You may have noticed there were no editions in the last 2 weeks. I always considered rhythm important, but I really don’t want to send out filler editions. I’d rather hold off a week (or 2, I suppose), and send something good.
Enjoy & speak soon!
Love,
Bas
How music must construct new narratives around environmental protection 🚴
Alternative title: if you can sell a Dutch guy a bicycle helmet, music can make giving a damn about the environment a lot cooler.
I made a major step last week.
After 30ish years of cycling, I finally bought a bike helmet.
I had always considered helmets inconvenient and geeky. In The Netherlands, where I grew up, nobody wears bike helmets. Well, maybe people on race bikes, but most people cycle on what is affectionally referred to as "omafietsen" (old lady bikes).
Sure, I have lived in places where I wouldn't consider cycling without a helmet, like Moscow, Sofia, and Istanbul. In those situations I would choose not to cycle at all.
Now I live in Berlin - much more bike-friendly than those other places. I'd say about a third of all cyclists wear helmets here, although personally I didn't. Having friends with helmets made me decide to learn more about the likeliness of getting into accidents as a cyclist and how a helmet reduces your chances of serious damage. The numbers tell a clear story, but didn't convince me. They made me more vocal about traffic safety and creating more room for cyclists, but it didn't throw the geeky stigma off of bike helmets that had been attached to them for all my life.
One day I cycled to a large climate protest - helmet-free (go on... let's say my hair was flowing in the wind). I parked my bike near the protest and walked to the rally point. It was huge. Thousands of people. Scientists, game developers, feminists, antifascists, christians, communists, fashion designers, teachers, refugees, environmentalists, school children. They carried banners identifying who they are and why they're protesting.
As I walked around to explore the groups and causes, mixed in was a small percentage of people were carrying bike helmets. Like me, they had also come to the protest by bike. They were cyclists, too.
In this context, cycling seemed like an activity of defiance. A personal act of reducing one's climate impact in a system and city that still has a long way to go before it can truly be considered cycling-friendly.
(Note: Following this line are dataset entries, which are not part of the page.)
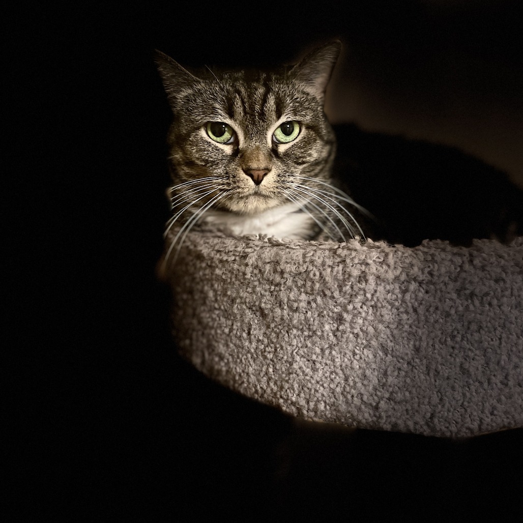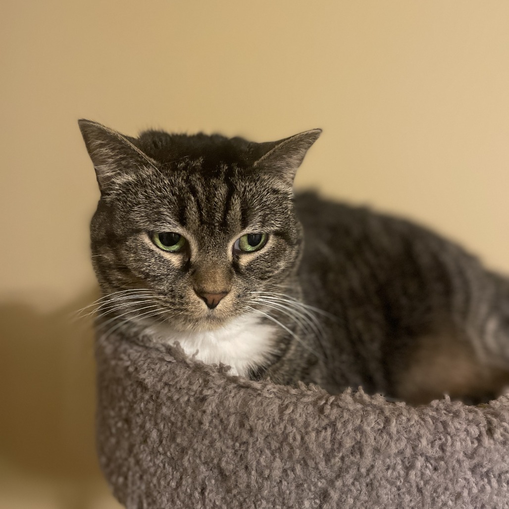 Emme is the perfect kitty for a quiet, relaxed home (maybe a single person or a young or older couple with no kids) who just wants a companion, and doesn't expect a lot from her. She loves nothing more than to perch at the top of her cat tree - a cat tree is going to be a MUST in her new home - and venture down to sit with you and get pets, when she is very loving and cuddly. She would prob do just fine in a home with another cat who accepts her.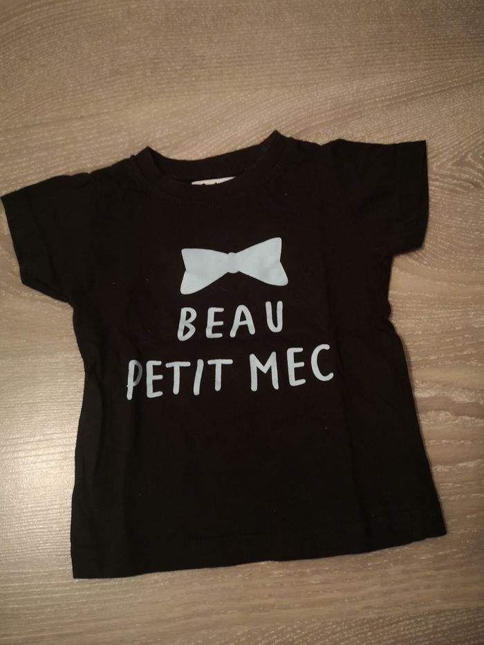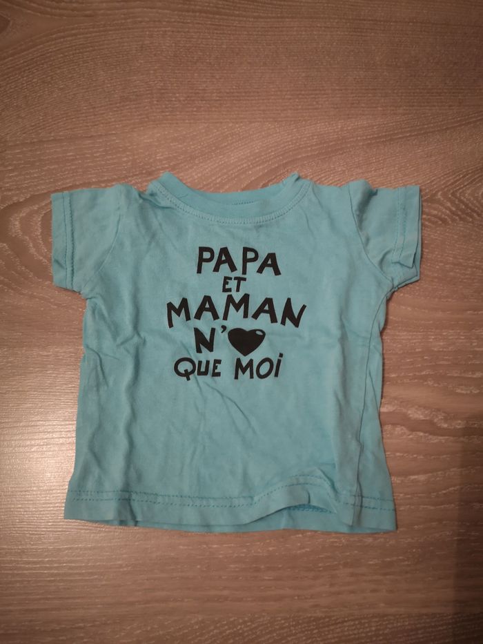 Lot de 3 t-shirts MC 6 mois - 2 Barbouillage - 1 Kimadi Très bon état J'ai d'autre vêtements, n'hésitez pas à regarder mon profil pour faire un plus gros lot :) (prix de lot possible)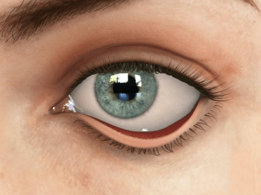 La conjonctive palpébrale alors exposée peut se kératiniser, la rendant très rouge.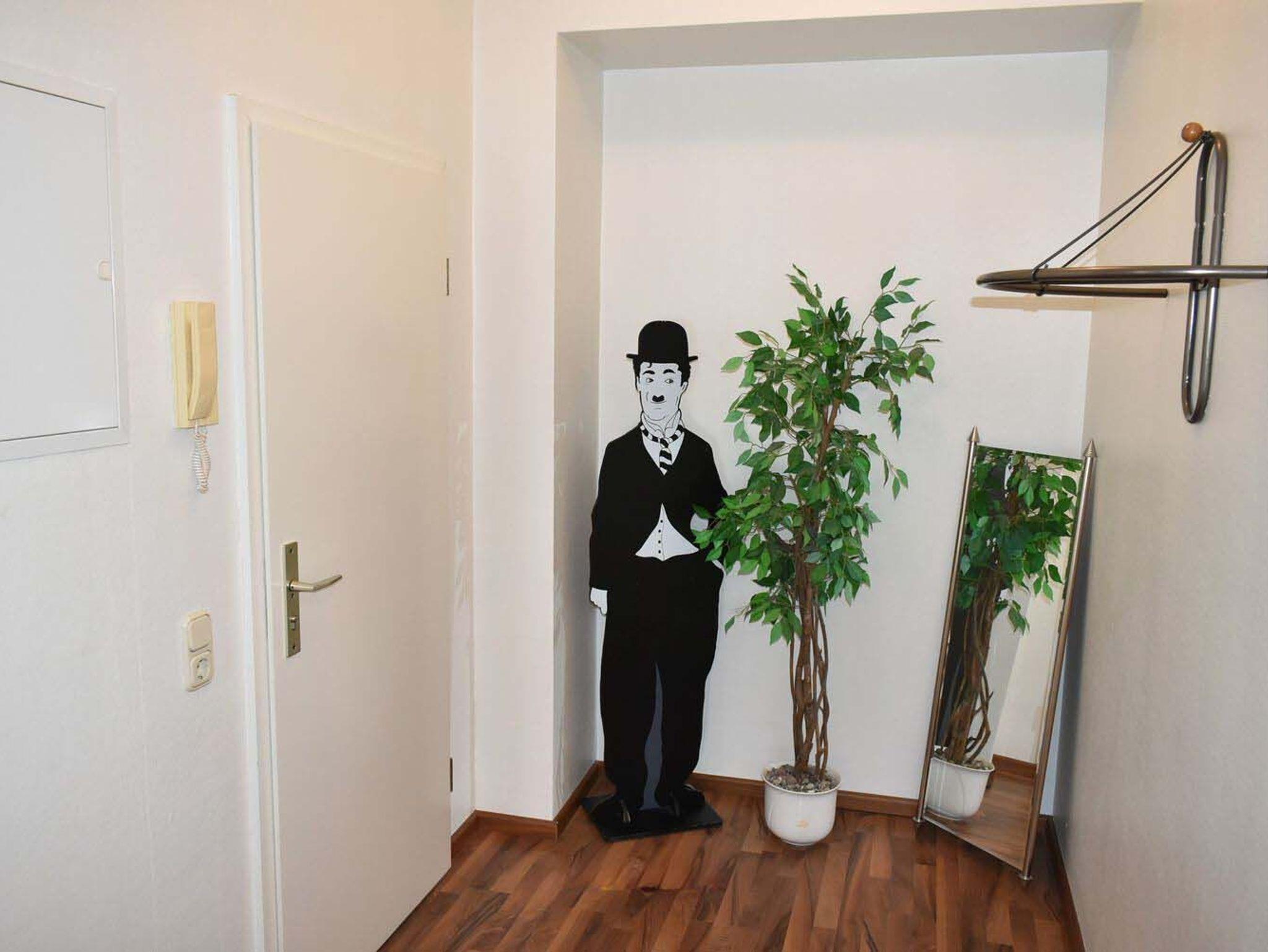 Flur: Abstellnische, Garderobe, Spiegel, Stuhl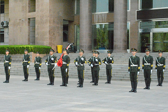 首先旭日东升,国旗护卫队队员迎着朝阳,迈着有力的步伐,庄重严肃的护送国旗入场,伴随着气势磅礴的国歌,五星红旗缓缓升起并在空中熠熠生辉,全体师生深怀对祖国的热爱与敬意向国旗行注目礼。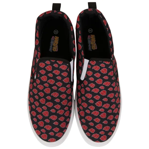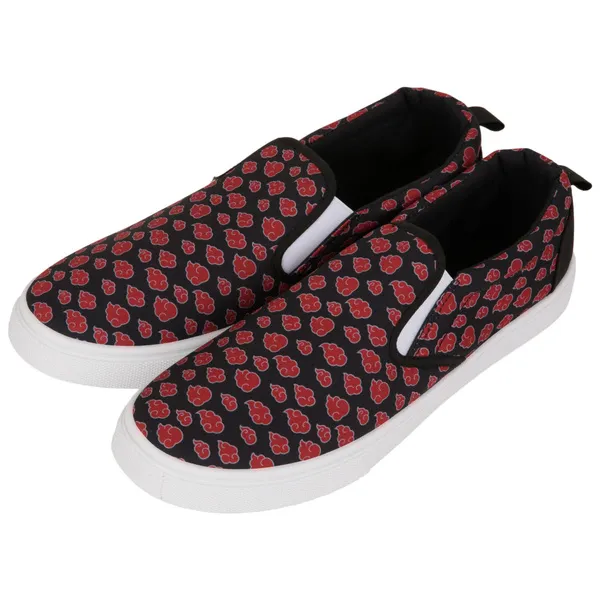 Get ready to Naruto Run faster than any of your friends and foes with these officially licensed Naruto Akatsuki Cloud Print Slip-On Shoes. These black and white Naruto Print Slip-On Shoes are made from canvas and feature a classic Naruto Akatsuki Cloud All-Over Print design.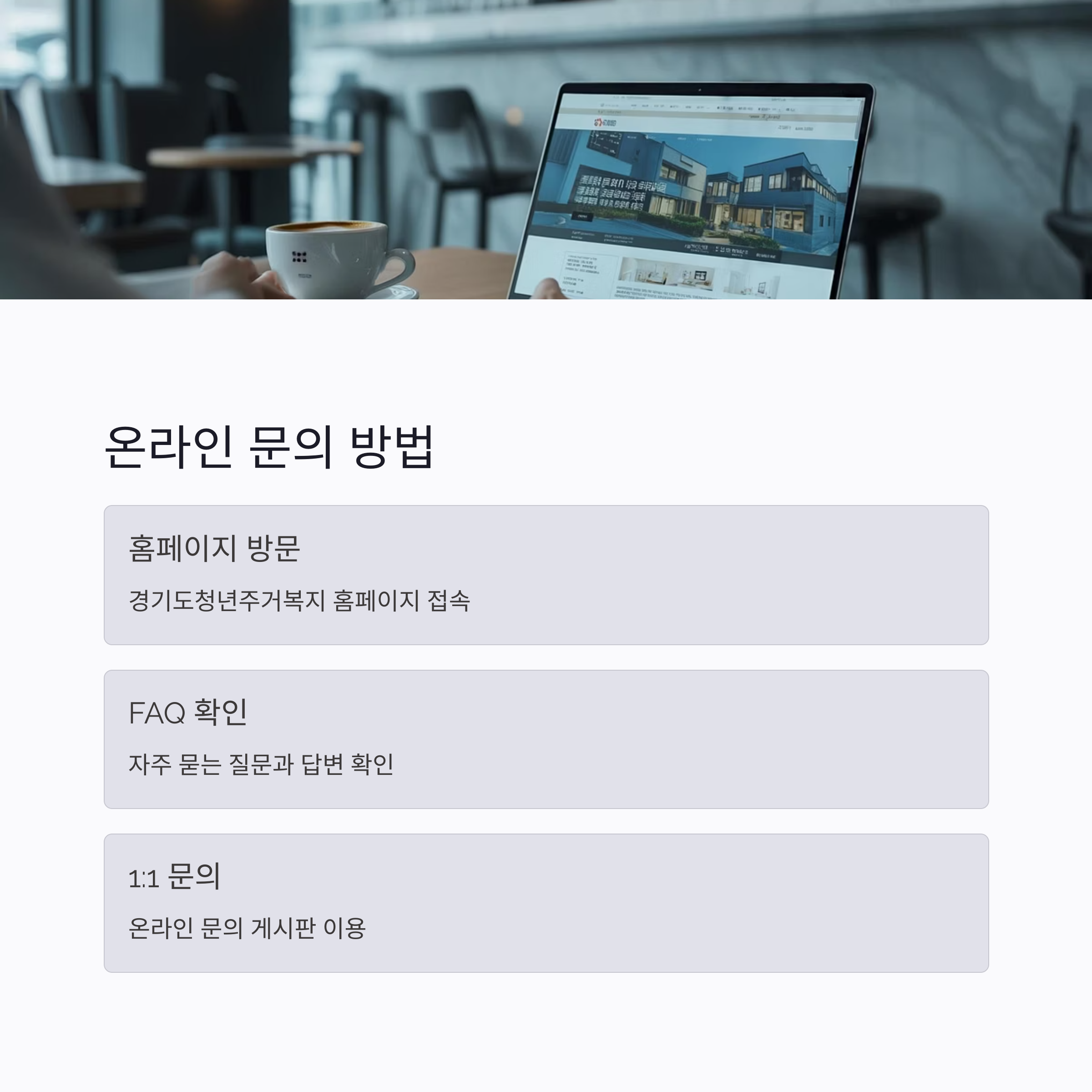 ๊ฒฝ๊ธฐ๋์ฒญ๋ ์ฃผ๊ฑฐ๋ณต์ง ํฌํธ ๋ฐฉ๋ฌธ → FAQ / 1:1 ๋ฌธ์ ๊ฐ๋ฅ

I saw them. I knew we that we found some of the same things important. Safer streets, more room for bikes, less cars in the inner city, more room for everyone on the streets - whether they own a car or not.
The bike helmet transformed.
From a geeky safety object, to an object that communicates identity. Having to carry it around when you're not cycling transformed from a burden and inconvenience to a way to parade something you find important. A way to "be" a cyclist, even when you're not cycling.
Suddenly I got it: helmets are cool.
A few weeks later I bought a helmet.
Creating narratives & holding each other to account
We are facing a climate emergency. It manifests in many ways and seems overwhelmingly difficult to address. It's a struggle of energy, waste, pollution, economy, ecology. It's also a struggle of culture.
This is where music has a unique role to play, alongside other expressions of culture.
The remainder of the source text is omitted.